Napoleon in Antwerp

On 18 July 1803, Napoleon visited Antwerp with his wife Joséphine de Beauharnais. They did not give the city a raving review, finding it medieval and the port outdated. However, by then the French had been in power in Antwerp for nine years and the Scheldt had been reopened.

Antwerp once again became attractive for foreign skippers and merchants, thanks to the free navigation and trade. The infrastructure had to be adapted to cope with this new influx. Shortly after his visit, Napoleon issued a decree for the construction of two modern trade docks, near the Hanseatic House. During this period, work also started on a partial re-alignment of the Scheldt quays and the construction of the shipbuilder's yard in the south.

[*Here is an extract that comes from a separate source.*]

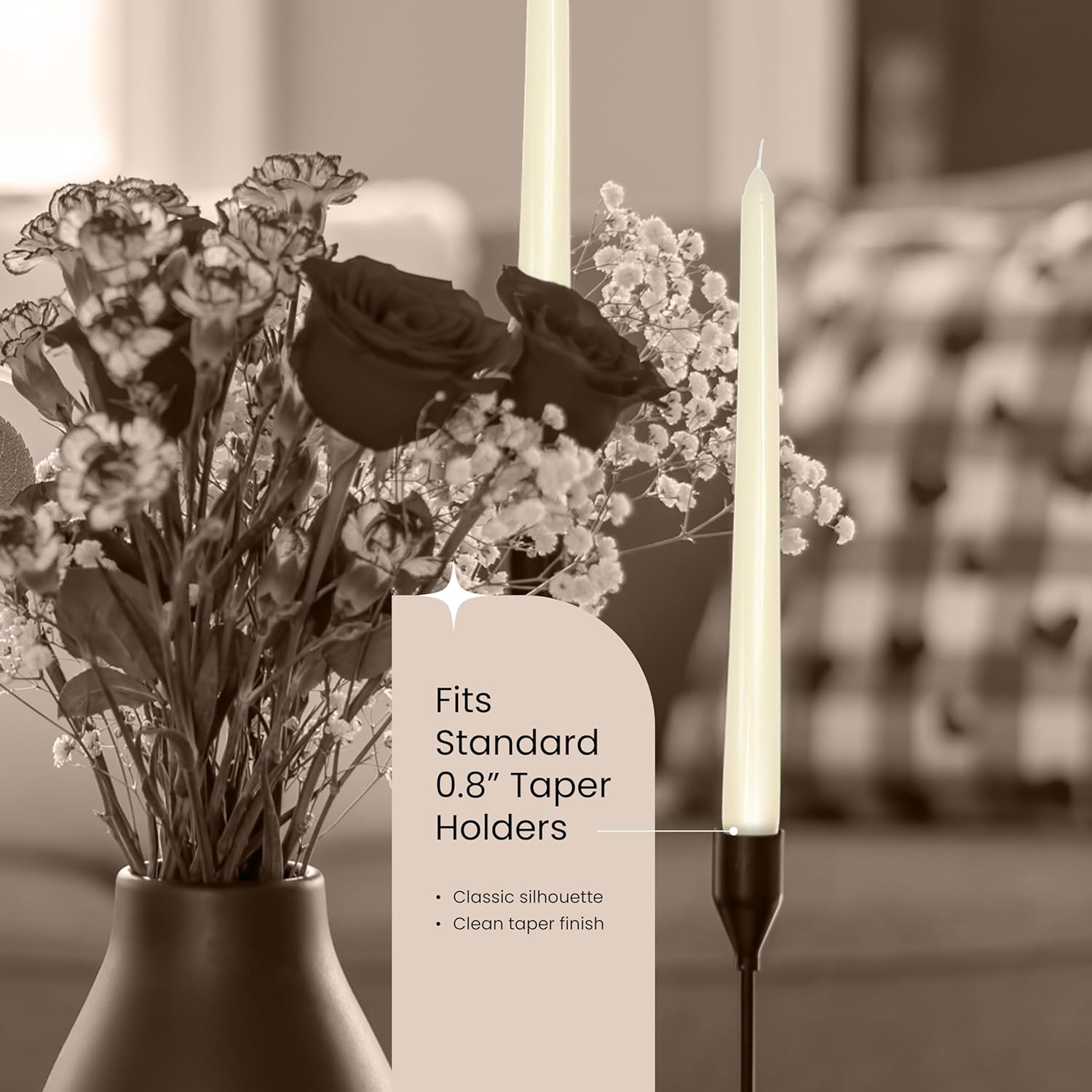 • Secure Fit in Most Candle Holders – Designed with a classic 0.8” tapered base, these long candles fit most candlesticks securely. Ideal for dining tables, mantels, or event centerpieces, ivory stick candles offer stable, dripless light for any occasion.

Merchant shipping was one thing but Napoleon also thought that Antwerp had potential as a war port, from where he could attack Great Britain. From 1803 until 1814, a navy arsenal was built in the city, for an entire war fleet. As a result, Antwerp quickly developed from a trade port into a war port, with heavily armed ships of the line and frigates in its docks.

The medieval city was also modernised, with public building, wide avenues and squares. The town architect Verly, Mayor Werbrouck and Prefect d'Herbouville devised the ideas. The town council was less visionary. As a result only a few projects were completed, including Groenplaats.